_Work item_
Transcribe every record as it stands and set the images aside.

[Data excerpts]
----
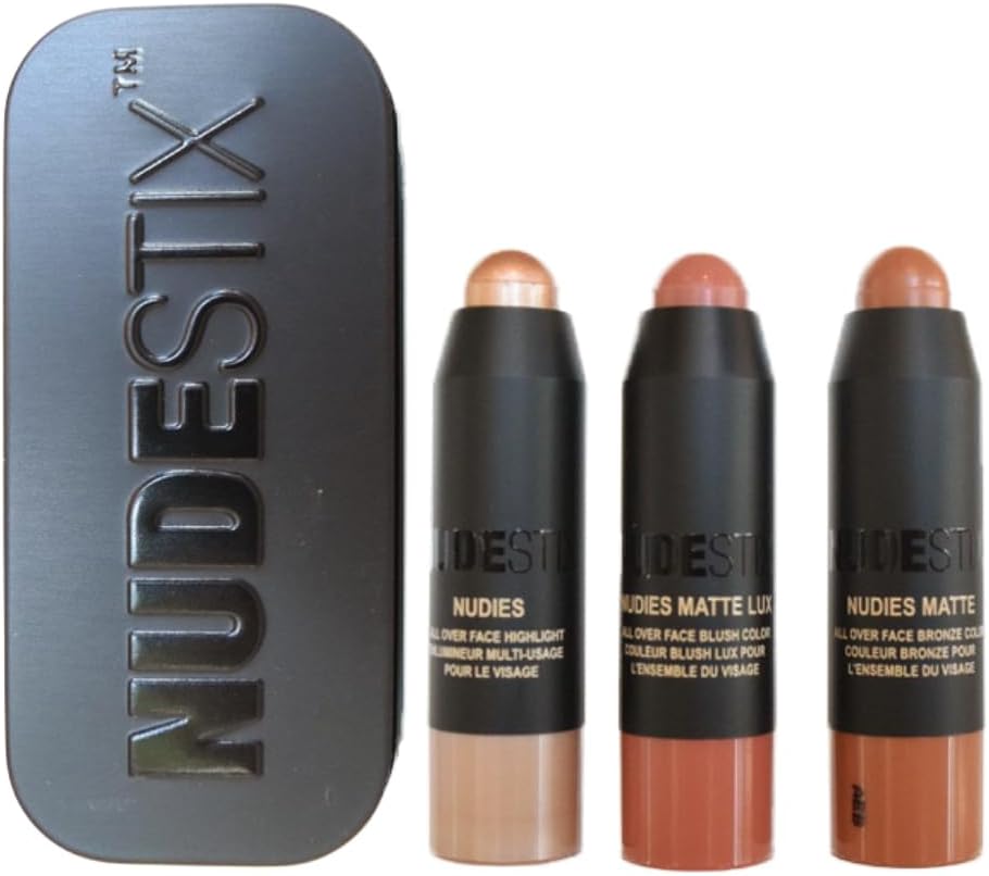 About this item LIMITED-EDITION SET: Exclusive NUDESTIX Mini Soft & Warm Nudes 3-Piece Kit featuring their bestselling Nudies All Over Face Color in blush, bronze, and glow shades. VERSATILE MAKEUP LOOK: Create soft and sculpted makeup looks for cheeks, eyes, and lips with the included Nudies Matte Lux All Over Face Blush, Matte All Over Face Bronze, and Glow All Over Face Highlight colors. SKIN-NOURISHING FORMULA: Infused with Vitamin E, a natural antioxidant, to nourish and hydrate the skin while providing a radiant makeup finish. CONVENIENT PORTABILITY: Portable tin packaging with a built-in makeup mirror allows for quick and easy touch-ups on-the-go, perfect for busy lifestyles or travel. ETHICAL AND EXCLUSIVE: Vegan, gluten-free, and cruelty-free formulation aligns with ethical values, appealing to socially-conscious consumers seeking responsible beauty products. › See more product details,LIMITED-EDITION SET: Exclusive NUDESTIX Mini Soft & Warm Nudes 3-Piece Kit featuring their bestselling Nudies All Over Face Color in blush, bronze, and glow shades,VERSATILE MAKEUP LOOK: Create soft and sculpted makeup looks for cheeks, eyes, and lips with the included Nudies Matte Lux All Over Face Blush, Matte All Over Face Bronze, and Glow All Over Face Highlight colors,SKIN-NOURISHING FORMULA: Infused with Vitamin E, a natural antioxidant, to nourish and hydrate the skin while providing a radiant makeup finish,CONVENIENT PORTABILITY: Portable tin packaging with a built-in makeup mirror allows for quick and easy touch-ups on-the-go, perfect for busy lifestyles or travel,ETHICAL AND EXCLUSIVE: Vegan, gluten-free, and cruelty-free formulation aligns with ethical values, appealing to socially-conscious consumers seeking responsible beauty products
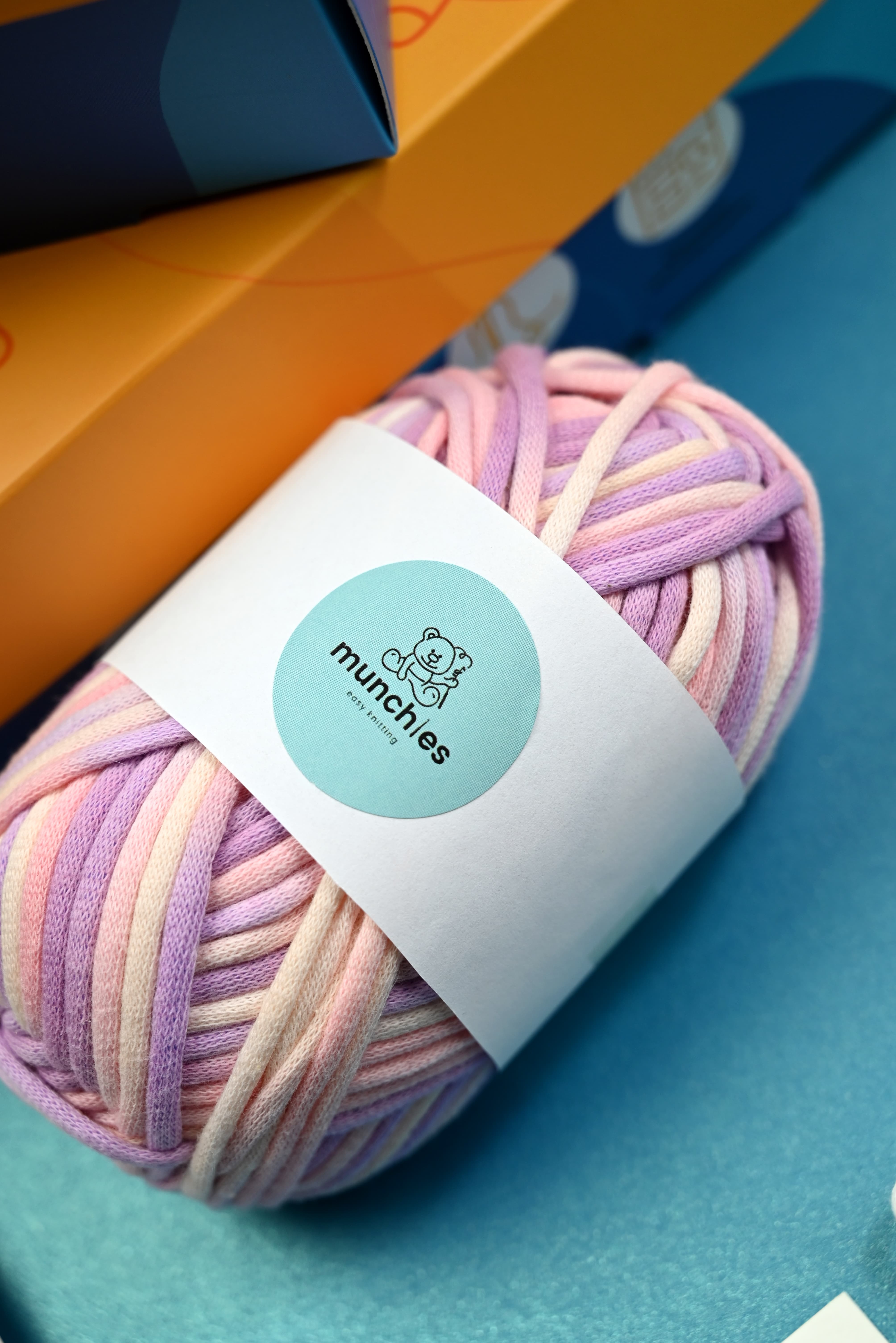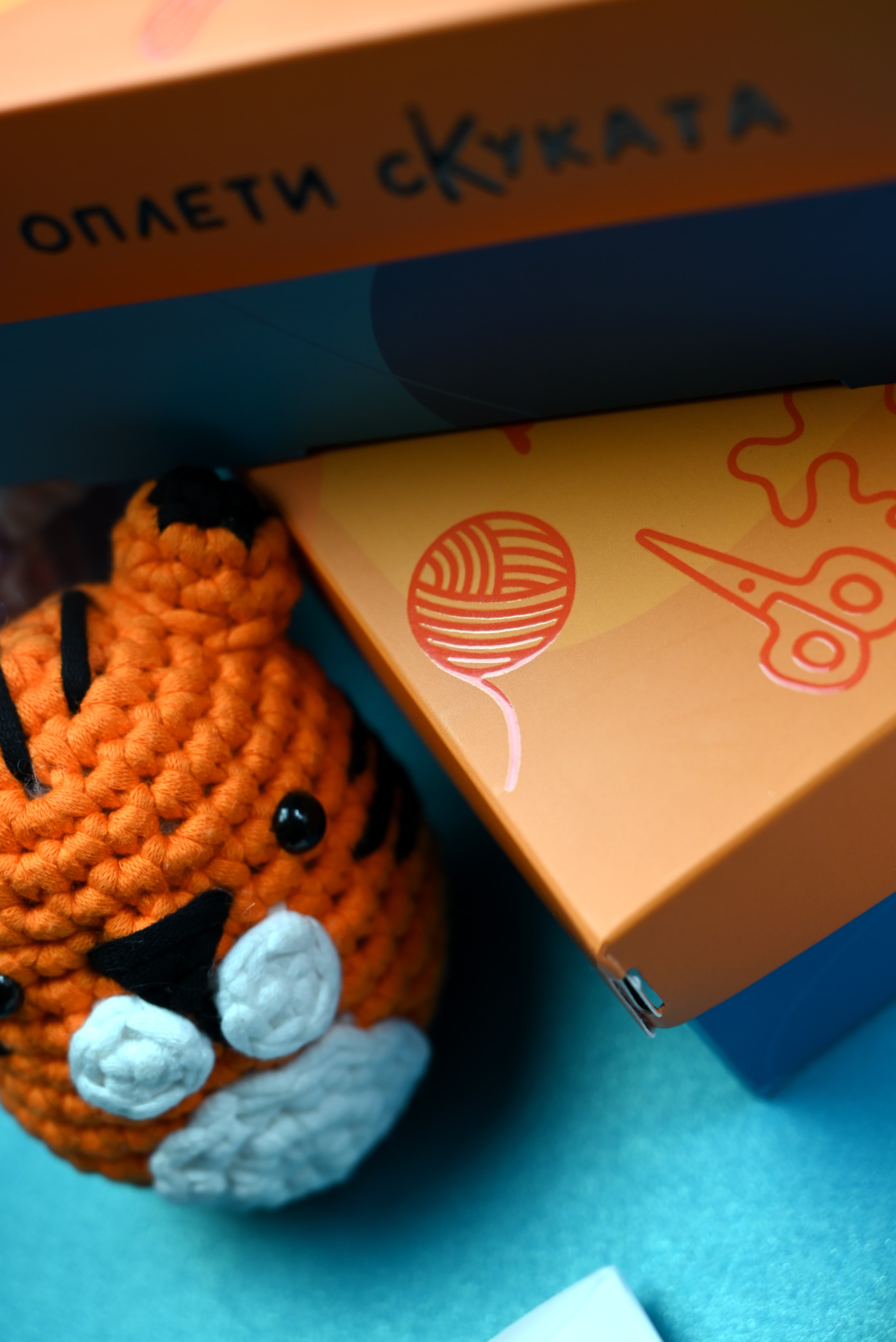 Кутии с капак и частичен релефен лак за комплекти за плетене на една кука за начинаещи на Munchies.
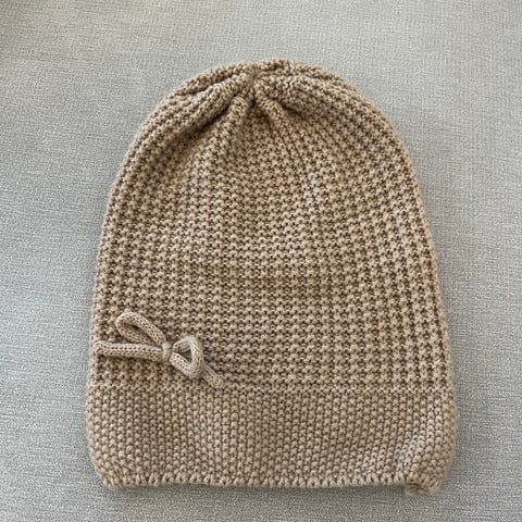 Pinnalta poistettu nukkaa. Rusetin alareuna leikattu aiemmin, saattaa käytössä langoittua, sen voi halutessaan vaihtaa myöhemmin.
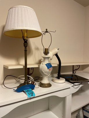 Lamp with shade measures 25in tall. Decor active lamp with no shade measures 21in tall. Taylor weight scale. DESK LAMP NOT INCLUDED. Bring packing material. Not checked for completeness and untested.
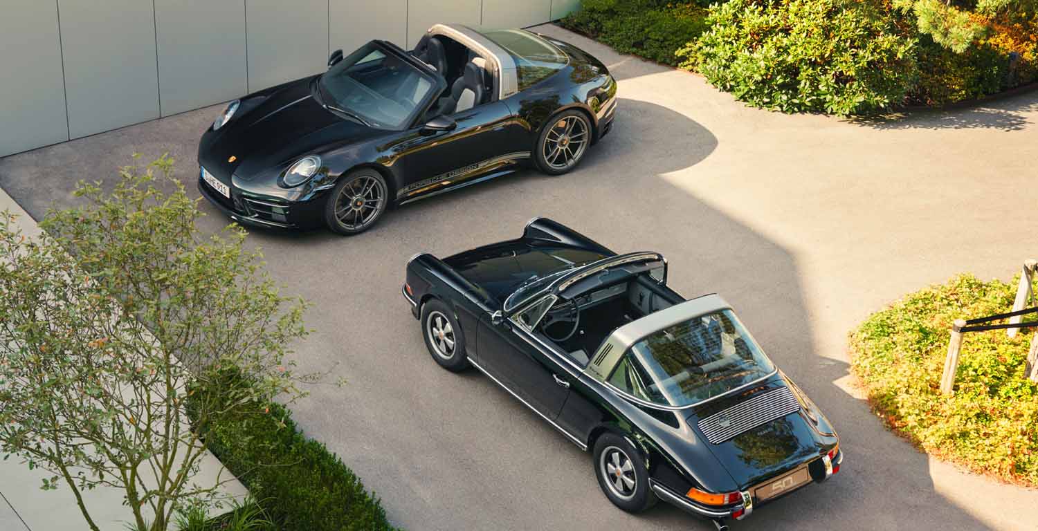 Porsche AG congratulates Porsche Design on its golden jubilee. Two very special cars are the highlights of the anniversary year: the exclusive Porsche 911 Edition 50Y Porsche Design and a historical 911 S 2.4 Targa from Porsche Design’s founding year of 1972, which has been faithfully restored by Porsche Classic. What unites them is the colour scheme, which, in recalling the legendary Chronograph I designed by Professor Ferdinand Alexander Porsche in 1972, sees both the exterior and the interior dominated by the colour black. Alongside them, Porsche Design is also presenting the Chronograph 1 – 1972 Limited Edition.
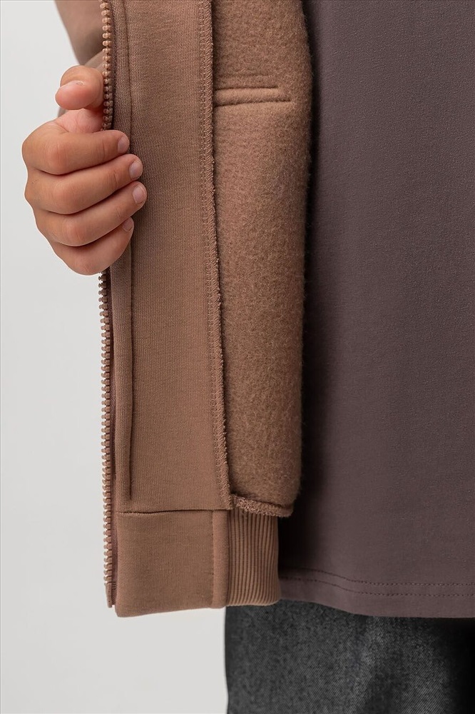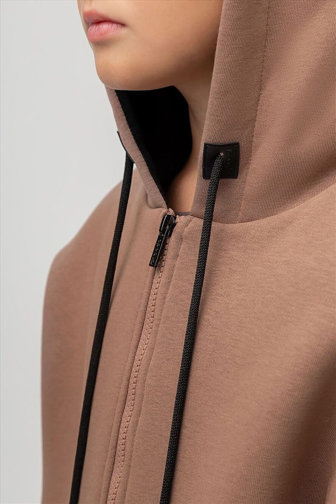 Прямая толстовка на молнии с начесом. Толстовка с капюшоном, со спущенным плечом, рукава с манжетой и пояс по низу. На полочке располагается карман «кенгуру».
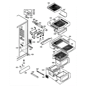 Replacement vegetable drawer tray assembly that restores the refrigerator's crisper storage area, keeping produce contained and organized while preventing spills from reaching lower shelves. Installs as a direct replacement for damaged or missing drawers. What it does:
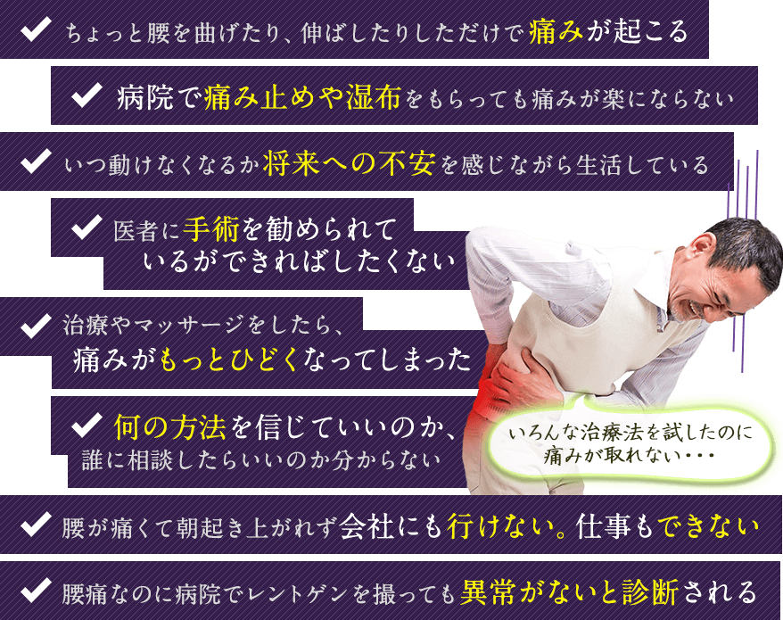 確かに一口に腰痛と言っても、坐骨神経痛・椎間板症・椎間板ヘルニア・分離症・すべり症・腰椎変形症・脊柱管狭窄症といった名称あります。実際に病院でそのような診断を頂いた方も数千人を施術しましたが、素晴らしい結果がでます。病院の診断は間違いありませんが、それが本当に痛みの原因かどうかは分らないというのが最新の腰痛研究です。レントゲンで見た体と、実際の体は全く違うからです。
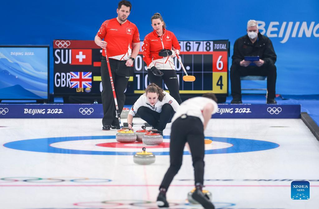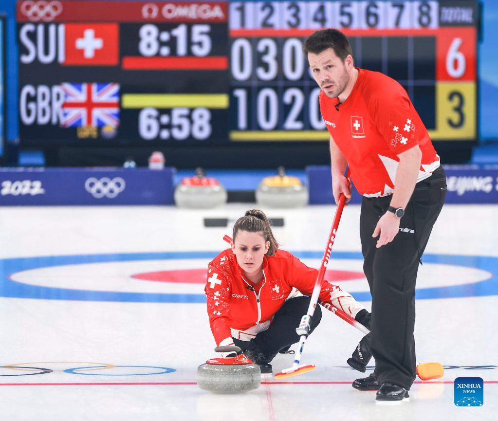 Martin Rios (R) and Jenny Perret of Switzerland comepete during the curling mixed doubles round robin event of the Beijing 2022 Winter Olympics between Switzerland and Britain at National Aquatics Centre in Beijing, China, Feb. 3, 2022. (Xinhua/Liu Xu)
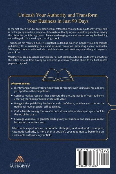 In the fast-paced world of entrepreneurship, establishing yourself as an authority in your field is no longer optional-it's essential. Automatic Authority is your definitive guide to achieving this distinction, not through years of relentless blogging or social media posting, but by doing something with far more impact: writing a book. This book is not merely a guide. It is crafted by a leading expert in authority-building through publishing. It's a marketing, sales and business revolution, presenting a clear, actionable 90-day plan both to write and also publish a book that positions you as the go-to expert in your niche. Whether you are a seasoned entrepreneur or just starting, Automatic Authority demystifies the entire process, from having no idea what your book could be about to the final printed page and beyond. Discover how to:Identify and articulate your unique voice to resonate with your audience and sets you apart from the competition. Conduct market research that uncovers the pressing needs of your audience, ensuring your book provides unbeatable value. Navigate the publishing landscape with confidence, whether you choose the traditional route or opt for self-publishing. Craft a launch strategy that creates buzz, drives sales, and catapults your book to the top of the charts. Leverage your book to generate leads, grow your business, and scale your impact far beyond the written word. Filled with expert advice, actionable strategies, and real-world examples, Automatic Authority is more than a book-it's your roadmap to becoming an undeniable authority in your field.
----
_Answer box_
 About this item LIMITED-EDITION SET: Exclusive NUDESTIX Mini Soft & Warm Nudes 3-Piece Kit featuring their bestselling Nudies All Over Face Color in blush, bronze, and glow shades. VERSATILE MAKEUP LOOK: Create soft and sculpted makeup looks for cheeks, eyes, and lips with the included Nudies Matte Lux All Over Face Blush, Matte All Over Face Bronze, and Glow All Over Face Highlight colors. SKIN-NOURISHING FORMULA: Infused with Vitamin E, a natural antioxidant, to nourish and hydrate the skin while providing a radiant makeup finish. CONVENIENT PORTABILITY: Portable tin packaging with a built-in makeup mirror allows for quick and easy touch-ups on-the-go, perfect for busy lifestyles or travel. ETHICAL AND EXCLUSIVE: Vegan, gluten-free, and cruelty-free formulation aligns with ethical values, appealing to socially-conscious consumers seeking responsible beauty products. › See more product details,LIMITED-EDITION SET: Exclusive NUDESTIX Mini Soft & Warm Nudes 3-Piece Kit featuring their bestselling Nudies All Over Face Color in blush, bronze, and glow shades,VERSATILE MAKEUP LOOK: Create soft and sculpted makeup looks for cheeks, eyes, and lips with the included Nudies Matte Lux All Over Face Blush, Matte All Over Face Bronze, and Glow All Over Face Highlight colors,SKIN-NOURISHING FORMULA: Infused with Vitamin E, a natural antioxidant, to nourish and hydrate the skin while providing a radiant makeup finish,CONVENIENT PORTABILITY: Portable tin packaging with a built-in makeup mirror allows for quick and easy touch-ups on-the-go, perfect for busy lifestyles or travel,ETHICAL AND EXCLUSIVE: Vegan, gluten-free, and cruelty-free formulation aligns with ethical values, appealing to socially-conscious consumers seeking responsible beauty products
 Кутии с капак и частичен релефен лак за комплекти за плетене на една кука за начинаещи на Munchies.
 Pinnalta poistettu nukkaa. Rusetin alareuna leikattu aiemmin, saattaa käytössä langoittua, sen voi halutessaan vaihtaa myöhemmin.
 Lamp with shade measures 25in tall. Decor active lamp with no shade measures 21in tall. Taylor weight scale. DESK LAMP NOT INCLUDED. Bring packing material. Not checked for completeness and untested.
 Porsche AG congratulates Porsche Design on its golden jubilee. Two very special cars are the highlights of the anniversary year: the exclusive Porsche 911 Edition 50Y Porsche Design and a historical 911 S 2.4 Targa from Porsche Design’s founding year of 1972, which has been faithfully restored by Porsche Classic. What unites them is the colour scheme, which, in recalling the legendary Chronograph I designed by Professor Ferdinand Alexander Porsche in 1972, sees both the exterior and the interior dominated by the colour black. Alongside them, Porsche Design is also presenting the Chronograph 1 – 1972 Limited Edition.
 Прямая толстовка на молнии с начесом. Толстовка с капюшоном, со спущенным плечом, рукава с манжетой и пояс по низу. На полочке располагается карман «кенгуру».
 Replacement vegetable drawer tray assembly that restores the refrigerator's crisper storage area, keeping produce contained and organized while preventing spills from reaching lower shelves. Installs as a direct replacement for damaged or missing drawers. What it does:
 確かに一口に腰痛と言っても、坐骨神経痛・椎間板症・椎間板ヘルニア・分離症・すべり症・腰椎変形症・脊柱管狭窄症といった名称あります。実際に病院でそのような診断を頂いた方も数千人を施術しましたが、素晴らしい結果がでます。病院の診断は間違いありませんが、それが本当に痛みの原因かどうかは分らないというのが最新の腰痛研究です。レントゲンで見た体と、実際の体は全く違うからです。
 Martin Rios (R) and Jenny Perret of Switzerland comepete during the curling mixed doubles round robin event of the Beijing 2022 Winter Olympics between Switzerland and Britain at National Aquatics Centre in Beijing, China, Feb. 3, 2022. (Xinhua/Liu Xu)
 In the fast-paced world of entrepreneurship, establishing yourself as an authority in your field is no longer optional-it's essential. Automatic Authority is your definitive guide to achieving this distinction, not through years of relentless blogging or social media posting, but by doing something with far more impact: writing a book. This book is not merely a guide. It is crafted by a leading expert in authority-building through publishing. It's a marketing, sales and business revolution, presenting a clear, actionable 90-day plan both to write and also publish a book that positions you as the go-to expert in your niche. Whether you are a seasoned entrepreneur or just starting, Automatic Authority demystifies the entire process, from having no idea what your book could be about to the final printed page and beyond. Discover how to:Identify and articulate your unique voice to resonate with your audience and sets you apart from the competition. Conduct market research that uncovers the pressing needs of your audience, ensuring your book provides unbeatable value. Navigate the publishing landscape with confidence, whether you choose the traditional route or opt for self-publishing. Craft a launch strategy that creates buzz, drives sales, and catapults your book to the top of the charts. Leverage your book to generate leads, grow your business, and scale your impact far beyond the written word. Filled with expert advice, actionable strategies, and real-world examples, Automatic Authority is more than a book-it's your roadmap to becoming an undeniable authority in your field.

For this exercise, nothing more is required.